Court Dismisses Charles Schwab Suit that Challenged FINRA on Class Action Waivers

Filed in: Unfair Securities PracticesFINRA Securities Arbitration
Posted: May 13, 2012 @ 3:43 pm - Nicholas Guiliano
    A federal court in California dismissed a complaint filed by Charles Schwab Corp. that tried to block regulators from disciplining the brokerage firm for embedding a clause in its customer account agreements that precludes class-action lawsuits.

The Financial Industry Regulatory Authority (FINRA) alleged in a complaint filed in February with its Office of Hearing Officers that Schwab added a "Waiver of Class Action or Representative Action" to more than 6.8 million customer account agreements in October 2011 that would prohibit customers from starting or joining class-action lawsuits against the brokerage firm.

The complaint said that the class action waiver would incorrectly lead millions of Schwab customers to believe that they did not have the right to bring or participate in class action against Schwab, or to consolidated their claims before an arbitration panel, rights customers clearly have per FINRA rules.

Schwab responded to FINRA's complaint by filing a complaint of its own one day later in the U.S. District Court for the Northern District of California. On May 11, Magistrate Judge Elizabeth Laporte granted FINRA's motion to dismiss Schwab's complaint, according to a report from Reuters.

The Reuters report quoted lawyers familiar with the case as saying it raised significant investor protection issues.

Small investors often have no way to recover losses from fraud or other misconduct unless they band together in a class action because their claims may not be worth enough to pursue individually in a cost effective way. The waivers in Schwab's customer account agreements would leave many investors with no access to a legal process for recovering their losses, the lawyers said.

If Schwab had succeeded in blocking FINRA's disciplinary action, it could have led other firms to include class action waivers in their arbitration agreements, which could weaken FINRA's control over its own enforcement process, the lawyers told Reuters.

Schwab also placed a provision in its account agreements that required customers to agree that arbitrators would have no authority to consolidate claims from multiple parties.

These consolidated claims are common, according to the lawyers interviewed by Reuters. Such arbitrations usually have far fewer claimants than class action suits, but both consolidated arbitrations and class actions typically involve claims under $10,000, and both are ways to make the pursuit of smaller claims cost effective.

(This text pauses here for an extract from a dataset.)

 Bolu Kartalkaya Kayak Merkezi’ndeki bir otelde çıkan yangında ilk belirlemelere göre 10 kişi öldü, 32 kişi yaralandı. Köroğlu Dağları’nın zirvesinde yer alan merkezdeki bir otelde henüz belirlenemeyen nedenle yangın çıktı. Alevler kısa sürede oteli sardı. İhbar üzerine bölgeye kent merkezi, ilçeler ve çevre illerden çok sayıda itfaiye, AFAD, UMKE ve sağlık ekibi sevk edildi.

Ryan K. Bakhtiari, president of the Public Investors Arbitration Bar Association, an Oklahoma-based group of securities arbitration lawyers, told Reuters that the court's decision was a great one for investors, and that FINRA rules are clear and unequivocal: Schwab does not have the right to prohibit class actions.

FINRA's complaint stated that FINRA's Code of Arbitration Procedure makes it clear that class action suits are permitted under its rules of arbitration. The rules state that an arbitration agreement may not be enforced against a claimant if the claimant is part of a putative class, and that an arbitration may only proceed it the class is not certified, de-certified, or if that particular claimant is excluded or withdraws for some reason.

The Code of Arbitration also specifically states that one or more parties may consolidate multiple claims together in the same arbitration.

Moreover, the complaint said other FINRA rules prohibit any member firm from including any condition in a pre-dispute arbitration agreement that contradicts the rules of any self-regulatory organization such as FINRA.

The district court agreed with FINRA that Schwab must follow FINRA procedures for disciplinary actions. These actions are reviewable by federal courts if necessary, the Reuters report said.

FINRA, the self-regulatory organization responsible for oversight of brokerage firms, also runs the forum for arbitration through which customers and firms most often resolve their legal disputes.

Schwab tried to enjoin the disciplinary proceeding, arguing that it would be irreparably harmed by using FINRA's process because it could take as long as four years or more. The court held that delay was not a sufficient reason to avoid FINRA's process, however. Schwab failed to show it was entitled to be excepted from the processes of its regulator, the opinion said.

Now that Schwab's lawsuit has been dismissed, what will happen with the class-action and consolidated claim waivers in Schwab's account agreements is an open question.

William Jacobson, a professor at Cornell Law School's Securities Law Clinic in Ithaca, N.Y., told Reuters that Schwab has to decide if it should keep using the waivers, which could be considered a continued, knowing violation.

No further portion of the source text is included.